Through attenuating the intradiscal inflammatory burden, MSC-based stem cell therapy may alleviate chemical irritation of adjacent neural structures a phenomenon that is independent of realignment in disc height or outward herniation. This mechanism is clinically important for patients whose main presenting complaint is radicular pain rather than axial back pain alone, and several published trials suggest that many have reported improvement in either leg pain or neurological symptoms before any meaningful change from baseline measures on structural imaging.

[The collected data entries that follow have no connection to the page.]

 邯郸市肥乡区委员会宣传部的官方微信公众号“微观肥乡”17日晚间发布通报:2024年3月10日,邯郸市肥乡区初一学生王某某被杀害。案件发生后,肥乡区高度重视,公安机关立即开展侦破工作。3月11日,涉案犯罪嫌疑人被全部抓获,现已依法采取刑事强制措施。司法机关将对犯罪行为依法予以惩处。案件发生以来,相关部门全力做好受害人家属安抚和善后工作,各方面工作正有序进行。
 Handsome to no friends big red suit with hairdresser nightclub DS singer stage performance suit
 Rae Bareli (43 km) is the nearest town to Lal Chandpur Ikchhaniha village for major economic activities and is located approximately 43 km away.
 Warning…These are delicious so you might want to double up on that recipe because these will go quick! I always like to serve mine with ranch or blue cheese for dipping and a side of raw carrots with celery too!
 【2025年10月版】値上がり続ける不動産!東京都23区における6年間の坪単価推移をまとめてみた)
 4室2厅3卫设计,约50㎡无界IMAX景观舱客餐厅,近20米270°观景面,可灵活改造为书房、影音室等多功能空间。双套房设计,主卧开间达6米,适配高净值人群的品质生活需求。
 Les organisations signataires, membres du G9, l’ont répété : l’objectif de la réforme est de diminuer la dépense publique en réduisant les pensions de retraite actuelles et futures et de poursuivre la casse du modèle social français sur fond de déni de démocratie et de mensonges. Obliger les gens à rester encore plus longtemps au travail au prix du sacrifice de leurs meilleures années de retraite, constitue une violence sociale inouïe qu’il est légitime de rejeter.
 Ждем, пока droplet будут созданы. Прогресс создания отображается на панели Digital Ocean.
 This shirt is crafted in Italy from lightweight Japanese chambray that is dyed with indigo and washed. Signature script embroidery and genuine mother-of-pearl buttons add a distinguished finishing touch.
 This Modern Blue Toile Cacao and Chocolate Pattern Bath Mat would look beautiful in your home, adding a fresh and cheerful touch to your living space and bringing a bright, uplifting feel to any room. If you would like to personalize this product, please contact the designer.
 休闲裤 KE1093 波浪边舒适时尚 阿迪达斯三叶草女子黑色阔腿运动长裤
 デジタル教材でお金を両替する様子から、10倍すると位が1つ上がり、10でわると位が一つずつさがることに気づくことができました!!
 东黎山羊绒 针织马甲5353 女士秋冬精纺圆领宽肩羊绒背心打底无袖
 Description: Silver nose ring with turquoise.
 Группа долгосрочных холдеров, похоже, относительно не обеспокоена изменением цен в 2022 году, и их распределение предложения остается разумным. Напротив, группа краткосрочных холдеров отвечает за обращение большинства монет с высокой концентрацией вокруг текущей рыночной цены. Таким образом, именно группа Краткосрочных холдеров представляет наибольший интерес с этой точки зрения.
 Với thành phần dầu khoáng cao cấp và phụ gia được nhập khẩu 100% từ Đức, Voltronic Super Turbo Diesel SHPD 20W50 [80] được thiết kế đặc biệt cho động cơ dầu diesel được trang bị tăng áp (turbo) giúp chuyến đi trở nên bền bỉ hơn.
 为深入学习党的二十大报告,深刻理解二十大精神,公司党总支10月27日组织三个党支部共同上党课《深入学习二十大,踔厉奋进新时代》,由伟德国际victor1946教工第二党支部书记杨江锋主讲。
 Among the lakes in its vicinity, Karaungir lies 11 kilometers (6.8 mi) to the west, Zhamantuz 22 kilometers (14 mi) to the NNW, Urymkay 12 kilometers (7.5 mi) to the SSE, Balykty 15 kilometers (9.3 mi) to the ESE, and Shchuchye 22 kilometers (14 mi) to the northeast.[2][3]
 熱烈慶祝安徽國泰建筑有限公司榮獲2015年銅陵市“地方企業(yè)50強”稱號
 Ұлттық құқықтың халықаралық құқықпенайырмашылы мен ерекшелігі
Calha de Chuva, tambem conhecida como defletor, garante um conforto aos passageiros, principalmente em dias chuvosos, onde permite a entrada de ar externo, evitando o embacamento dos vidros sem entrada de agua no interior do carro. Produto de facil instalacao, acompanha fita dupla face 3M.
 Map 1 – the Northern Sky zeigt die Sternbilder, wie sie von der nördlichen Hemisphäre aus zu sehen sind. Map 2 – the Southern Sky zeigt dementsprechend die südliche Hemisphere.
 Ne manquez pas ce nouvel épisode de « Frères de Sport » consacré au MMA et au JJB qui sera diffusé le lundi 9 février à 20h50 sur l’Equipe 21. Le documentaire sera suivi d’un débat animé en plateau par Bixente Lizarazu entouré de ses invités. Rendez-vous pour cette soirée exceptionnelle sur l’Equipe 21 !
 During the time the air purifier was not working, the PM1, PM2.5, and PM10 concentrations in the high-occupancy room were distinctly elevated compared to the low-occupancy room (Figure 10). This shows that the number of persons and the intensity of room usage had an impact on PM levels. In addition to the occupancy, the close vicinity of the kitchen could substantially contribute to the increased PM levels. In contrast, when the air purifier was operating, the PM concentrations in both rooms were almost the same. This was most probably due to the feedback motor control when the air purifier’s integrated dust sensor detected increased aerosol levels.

Who Will Benefit Most and What to Anticipate
Pfirrmann grade III or IV disc degeneration that is significant but not complete, and who have failed a sustained course of conservative management and for whom surgical options carry meaningful risk or been declined identify the population most likely to realistically derive clinically relevant benefit from intradiscal MSC-based stem cell therapy. Younger patients with persistent but preserved disc height and evidence of inflammatory markers on advanced MRI usually exhibit the most consistent responses.
This is not just a back pain treatment for anyone. It is an intervention directed against a pathological process in one specific population, and the responsible clinicians administering it will be quick to tell you so. On that evidence lies the hard-won discipline of careful patient selection, which makes for meaningful outcomes in regenerative spine medicine as elsewhere.
References
Clouet, J., Fusellier, M., Camus, A., Le Visage, C., & Guicheux, J. (2019). Intervertebral disc regeneration: From bench to bedside. Trends in Biotechnology, 37(4), 404–420.
Huang, Y.C., Urban, J.P., & Luk, K.D. (2014). Disc regeneration: Why, when, how. European Spine Journal, 23(Suppl 3), S299–S307.
Noriega, D.C., Ardura, F., Hernández-Ramajo, R., et al. (2017). Intervertebral disc repair by allogeneic mesenchymal bone marrow cells: A randomised controlled trial. Transplantation, 101(8), 1945–1951.
Richardson, S.M., Kalamegam, G., Pushparaj, P.N., et al. (2016). Mesenchymal stem cells in regenerative medicine: Focus on articular cartilage and intervertebral disc regeneration. Methods, 99, 69–80.
Zhao, C.Q., Wang, L.M., Jiang, L.S., & Dai, L.Y. (2007). The cell biology of intervertebral disc aging and degeneration. Ageing Research Reviews, 6(3), 247–261.